4.6.1. Management Interface

The management interface for our HTPS is a web-based platform developed with a split architecture. The server-side logic, or backend, is implemented using FastAPI, while the user interface (UI) is built using React in conjunction with the Material UI module. SQLite serves as the database engine, storing both user settings and permissions.

The interface is designed for multi-user access, allowing for simultaneous connections and providing tiered user permissions. Each user can interact with a specific set of adjustable settings, represented by data fields that can contain different types of data, such as integers, strings, or booleans. The database stores these settings alongside user permissions, thereby ensuring that users can only manipulate settings they are authorized to access.

In addition to user management, the backend is capable of communicating with the Local Controller through the MQTT protocol. This feature enables real-time influence over the controller’s decision-making concerning command dispatch to the Sensor Units. The interface includes an operator dashboard, where the operator can initiate or terminate sessions and exert control over the sensor units’ behavior. This setup ensures a responsive and secure environment for both monitoring and management tasks, suitable for various users with different access levels.
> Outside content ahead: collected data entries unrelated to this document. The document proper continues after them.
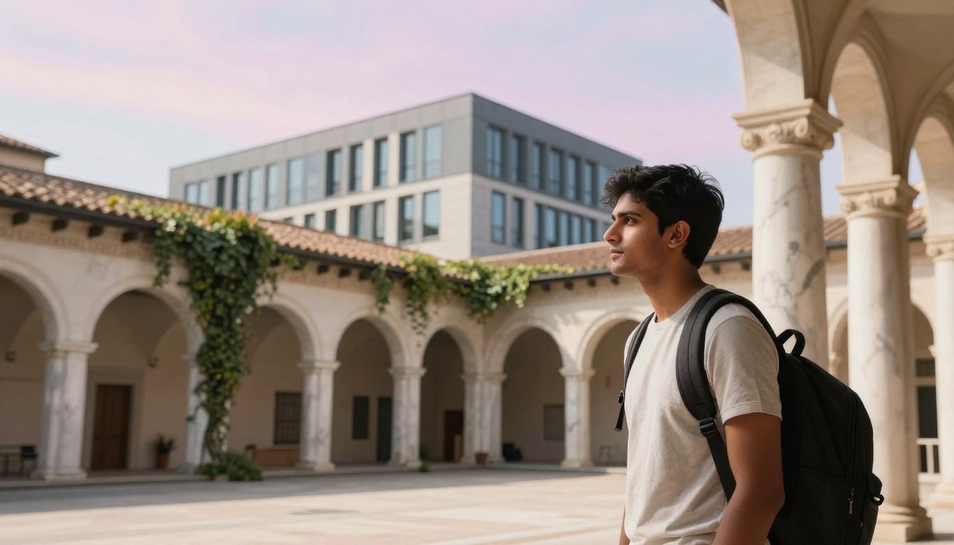 An Indian student celebrates a scholarship win on a historic Italian campus, with sunlit architecture in view.
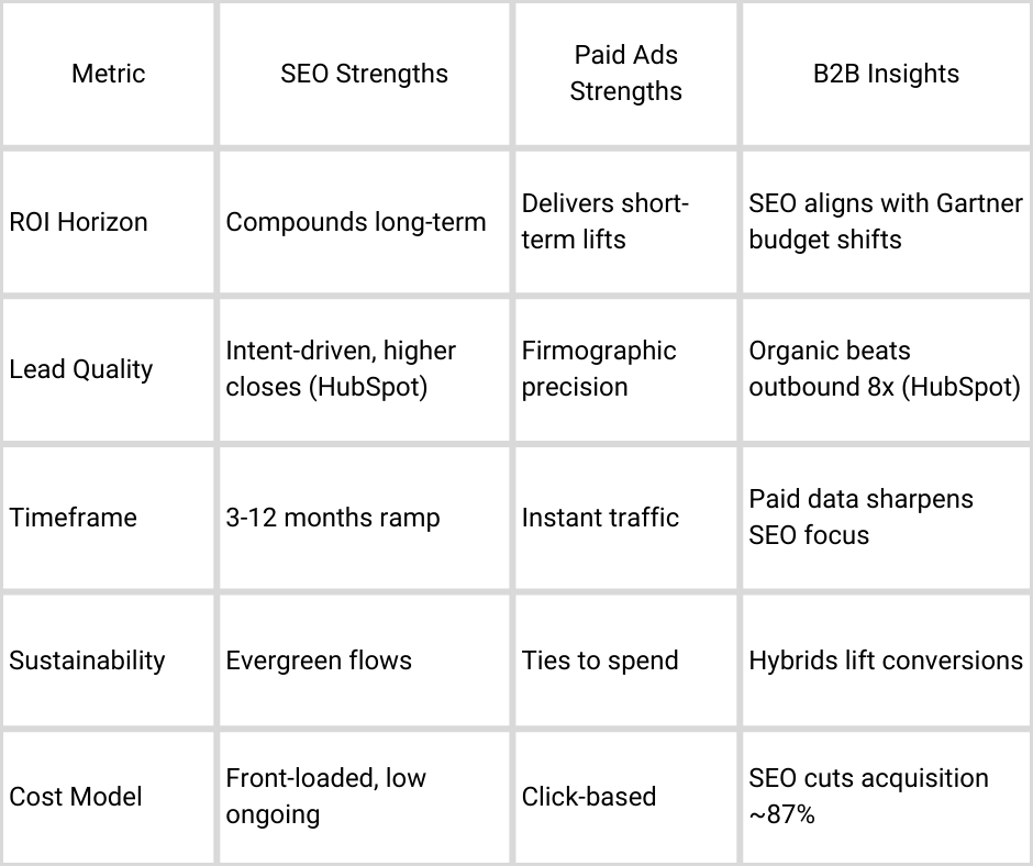 Blended approaches excel: firms using paid ads to test ideas then fueling SEO content saw 3.8x returns, accelerating pipeline velocity.
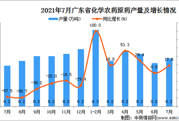 中商情报网讯:据中商产业研究院数据库显示,2021年7月广东省化学农药原药0.2万吨,同比增长17.6%。 数据来源:中商产业研究院数据库 2021年7月广东省化学农药原药增长...【详情】
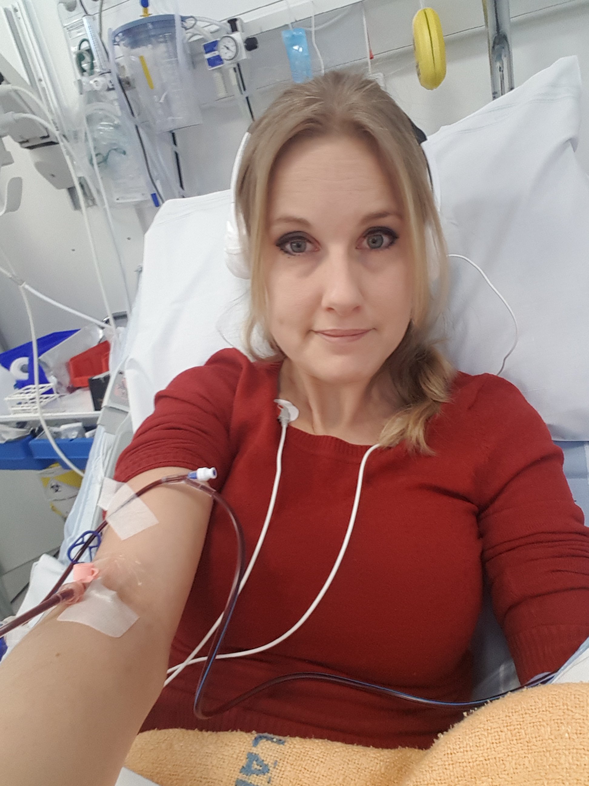 Den nya maskinen får tummen upp! Behandlingen tog bokstavligen bara 92 minuter, men sen får man såklart lägga till tiden det tar att sätta metallnålen, ta prover och låta läkaren lyssna på lunga & hjärta för att kunna ge tummen upp. Och nu hade jag ju turen att ha kanylen kvar från i går så det behövdes inte sättas någon ny kanyl i högerarmen. Men säg att med det inkluderat så tar det 2 timmar. Under de 120 minuterna så hinns det med att göra alla förberedelser, dra ut en hel del blod, tillsätta medicin, sola cellerna med UV- lampor och föra tillbaka det igen. Det är så himla häftigt vad forskningen har gått framåt på kort tid. Jag har fått den här behandlingen närmare 100 ggr och är lika fascinerad fortfarande.
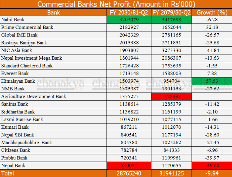 पुस मसान्तसम्म २० वटा वाणिज्य बैंकले कुल २८ अर्ब ७६ करोड ५२ लाख रुपैयाँ नाफा कमाएका छन् । यो गत वर्षको सोही अवधिको तुलनामा ३ अर्ब १८ करोड रुपैयाँ कम हो । बैंकहरूले गत वर्षको पुससम्म ३१ अर्ब ९४ करोड ११ लाख रुपैयाँ नाफा कमाएका थिए ।
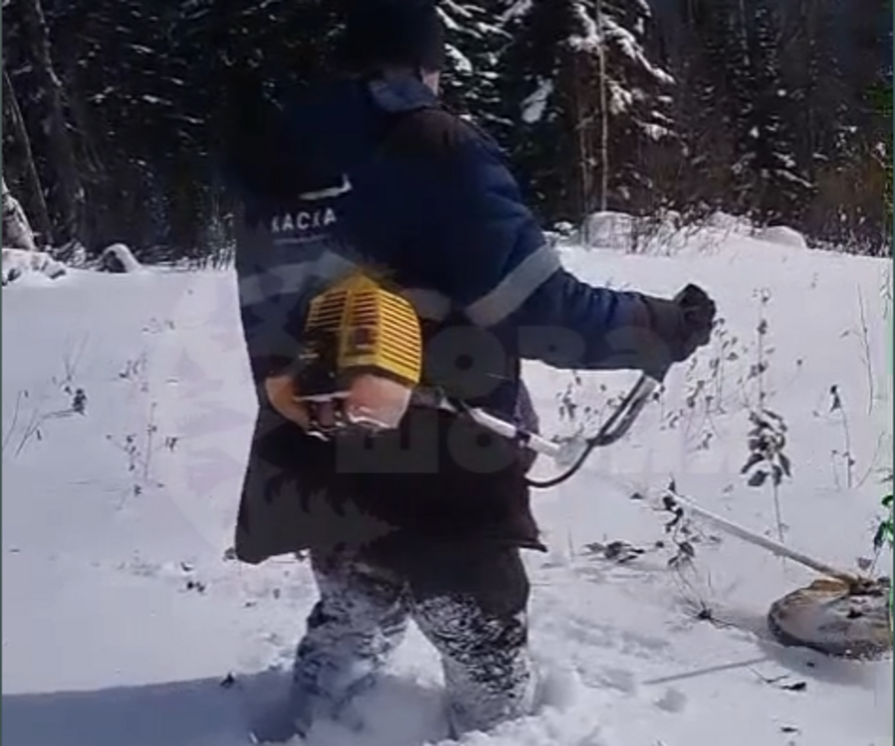 Работников отправили на гору в Шерегеше, чтобы они косили там траву. При этом уже выпало большое количество снега, сугробы людям уже по колено. Информация об этом появилась в социальных сетях.
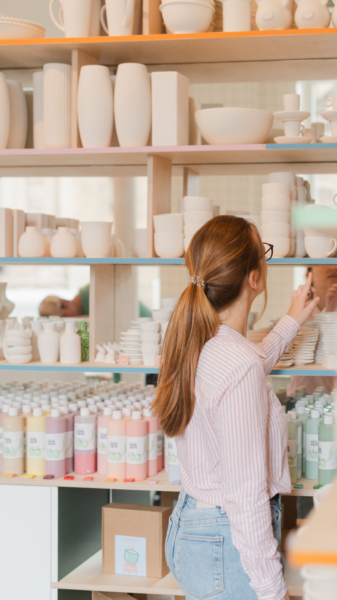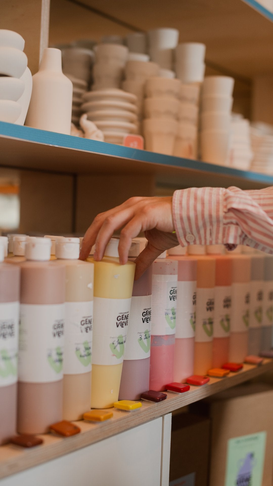 Since 2018, our hybrid locations are both cafés and ceramic workshops with all the necessary equipment available. We introduce you to ceramic painting and you can also learn during supervised workshops, ceramic decoration, modeling, throwing or Kintsugi.
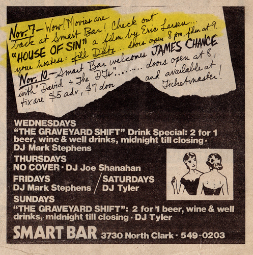 Ad from Chicago Reader when HOUSE OF SIN played at the Smart Bar. We had basically nobody show up, but we set up a screen on the dance floor.

4.6.2. Managing Data Acquisition and Processing

The system relies on message-based communication, mainly using MQTT as a protocol for passing messages between the Management Interface, Local Controller, and individual Sensor Units. The program starts by setting up message queues for handling data and commands. It then subscribes to specific topics on the MQTT broker to listen for incoming messages from the web interface and Sensor Controllers. Each message is categorized by its origin and processed accordingly. When a Sensor Unit tries to register with the Local Controller, the controller will check if it is already aware of this unit. If not, it will create a new entry and manage its attributes like connection status, enabled state, and other operational parameters. The controller constantly checks for messages from the Sensor Units and updates their statuses based on these messages.

Additionally, the system has a state machine for its operational state, which can be ’Stopped’, ’Starting’, or ’Started’. The web interface can send commands to start or stop the system. When the ’Start’ command is received, the program checks the connectivity of all known sensors. If at least one sensor is connected, the system will attempt to enable all connected sensors and transition to the ’Starting’ state. The system will confirm that all sensors have been enabled before finally moving to the ’Started’ state. Similarly, when the ’Stop’ command is received, the system will attempt to disable all sensors and transition to a ’Stopped’ state only after confirming that all are disabled.
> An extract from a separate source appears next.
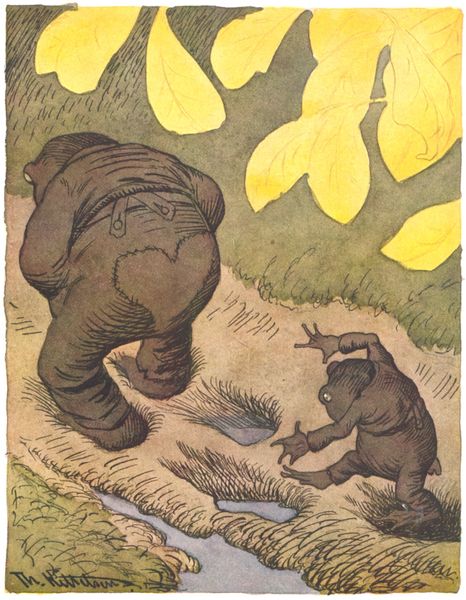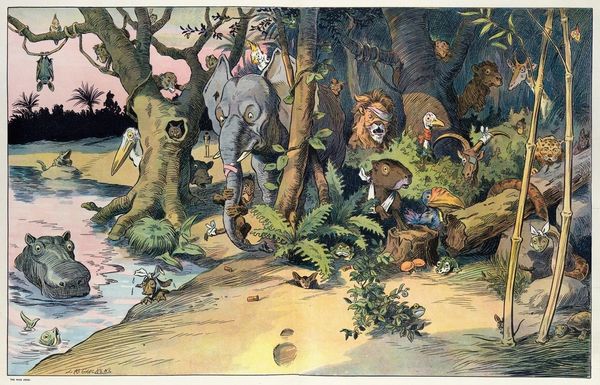 Theodor Severin Kittelsen created "Innfoedte Av Majoristammen" using ink and watercolor, presenting a scene teeming with peculiar characters. The composition is divided into two distinct zones. In the foreground, a frog-like creature lies supine, seemingly lifeless, with insects crawling upon it, while an empty bottle suggests a tale of debauchery. Behind this tableau, a cluster of beings with varied morphologies peer out from tall grasses, their large eyes suggesting curiosity or perhaps voyeurism. Kittelsen uses the formal arrangement to destabilize conventional perspective; scale is distorted, and the figures blend, challenging our perception. The work seems to question the boundaries between observer and observed, reality and fantasy. The interplay of light and shadow, combined with delicate lines and muted tones, invites us to reflect on the darker, often unseen, aspects of human nature. This artwork invites endless interpretations, reflecting how art perpetually challenges fixed meanings.
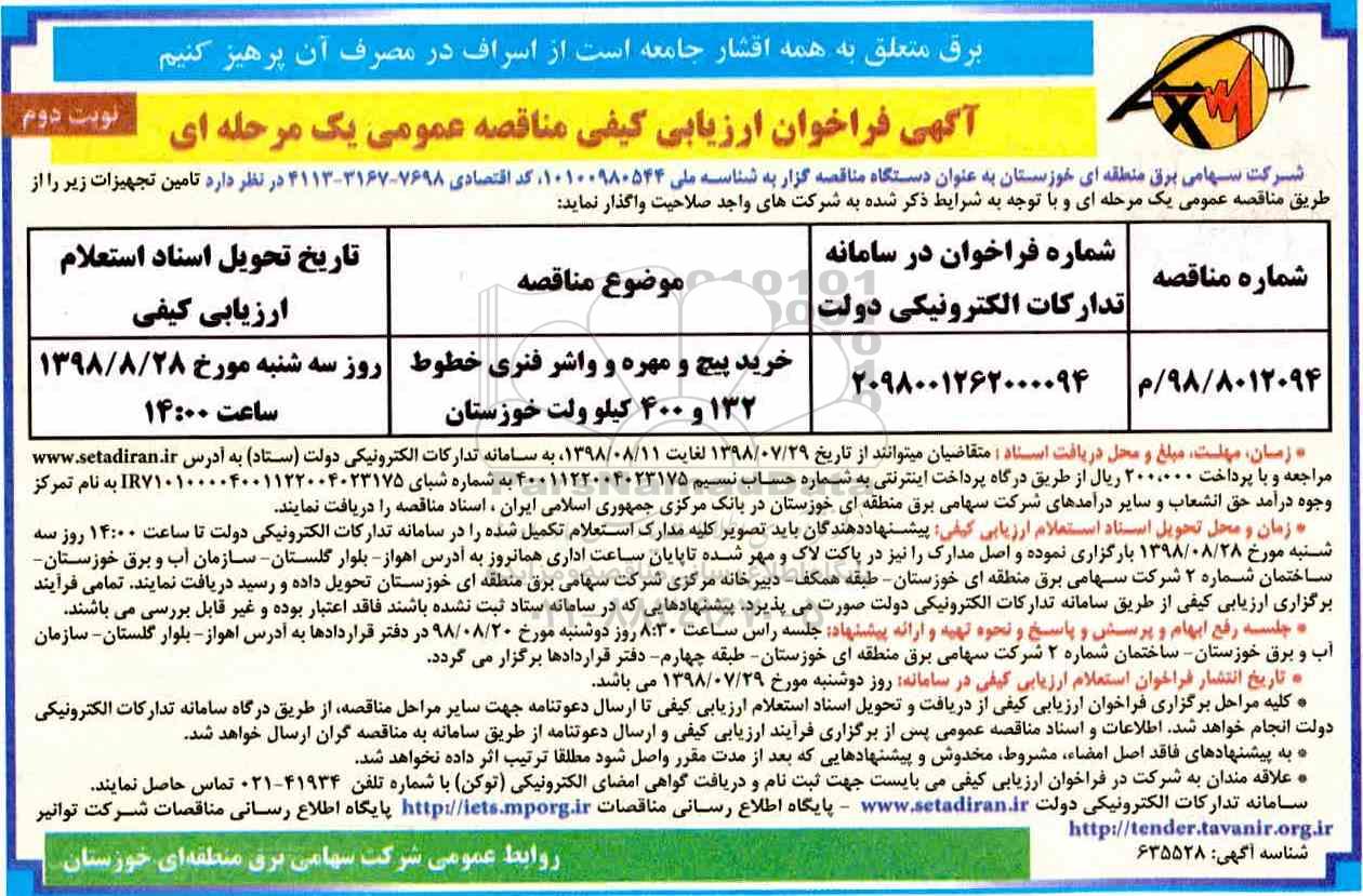 شرکت سهامی برق منطقه ای خوزستان به عنوان دستگاه مناقصه گزار به شناسه ملی 10100980544، کد اقتصادی 7698- 3167- 4113 در نظر دارد تامین تجهیزات زیر را از طریق مناقصه عمومی و با توجه به شرایط ذکر شده به شرکتهای واجد صلاحیت واگذار نماید:

Lastly, the web interface can also request details about the connected sensors. In response, the local controller compiles this information and sends it back. The attributes of each sensor, like whether it is connected, whether it is an enabled state, and other operational modes, are sent in this information package.
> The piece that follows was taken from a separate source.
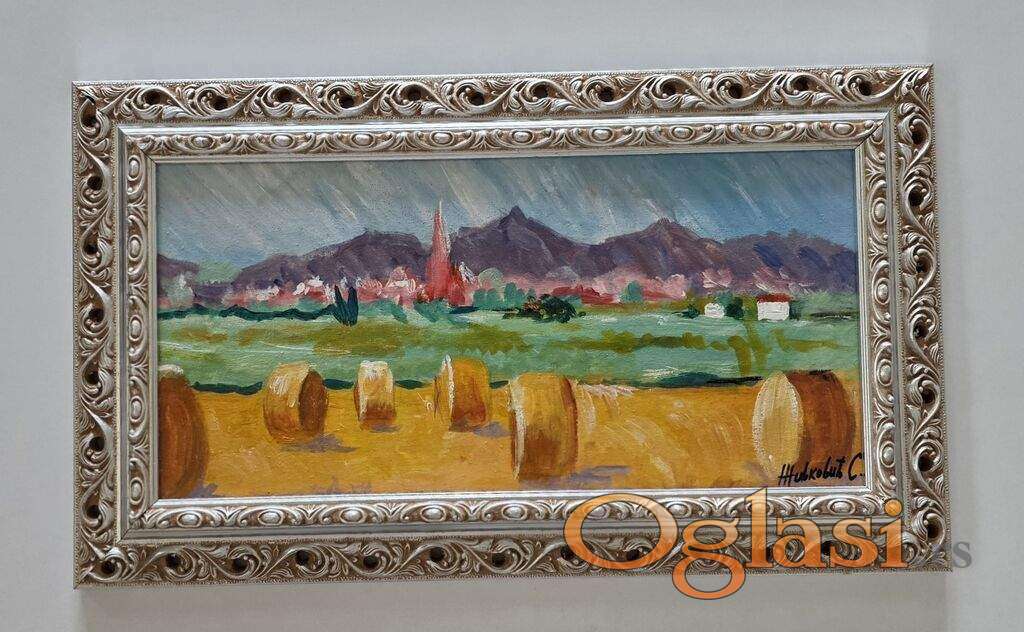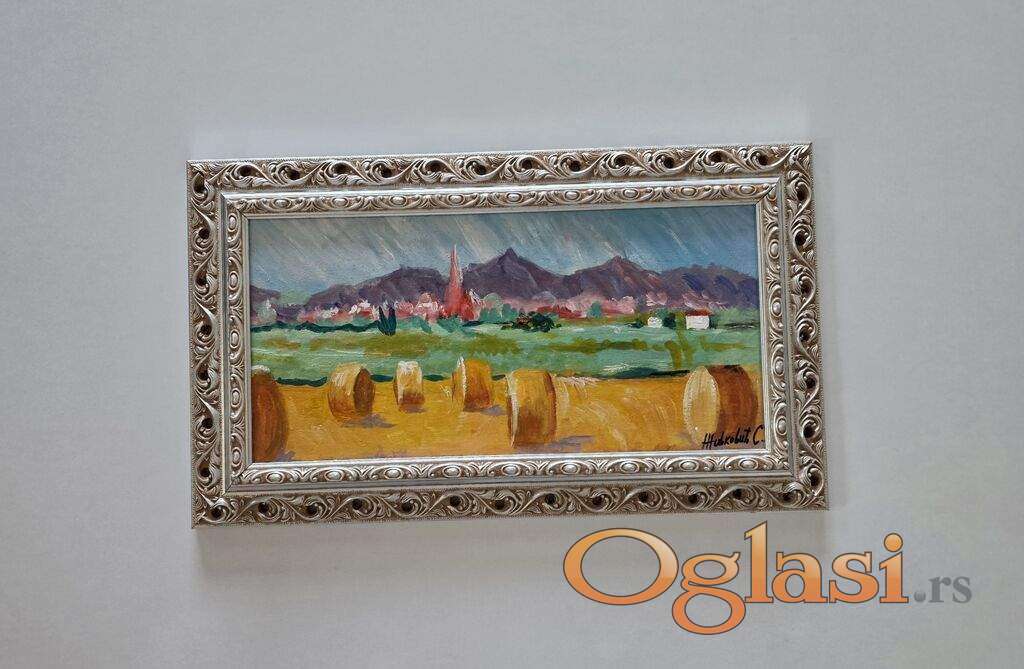 Ulje na platnu Miris pokosenog sena, prelepo umetnicko delo. Slika je uramljena u jako lep ram, dimenzije slike sa ramom 50 x 30. Privatna kolekcija.

4.6.3. Evaluation Viewport

The Evaluation Viewport is a feature embedded within our web-based Management Interface, more specifically within the dashboard page, offering operators a unique vantage point to observe the VME. Instead of diving into the immersive environment, operators can evaluate its characteristics and behaviors from an external perspective, using user input to navigate through the 3D scene. This capability is particularly useful for assessing the effectiveness of system configurations, evaluating new processing algorithms, or simulating various scenarios to better understand their impact.

The viewport is seamlessly integrated into the operator’s dashboard and is engineered using the ThreeJS JavaScript library, a powerful tool for rendering 3D graphics directly in a web browser. This decision is driven by ThreeJS’s provision of a high-level abstraction of WebGL, facilitating effortless integration with React applications and ensuring efficient and high-quality visualization of the VME’s dynamic point cloud representation. Moreover, the decision is further substantiated by existing research on approaches for 3D visualization within web browsers [39,40]. Notably, ThreeJS also excels in rendering large quantities of points and managing complex scenes by optimally utilizing GPU capabilities, thereby significantly enhancing the evaluation process.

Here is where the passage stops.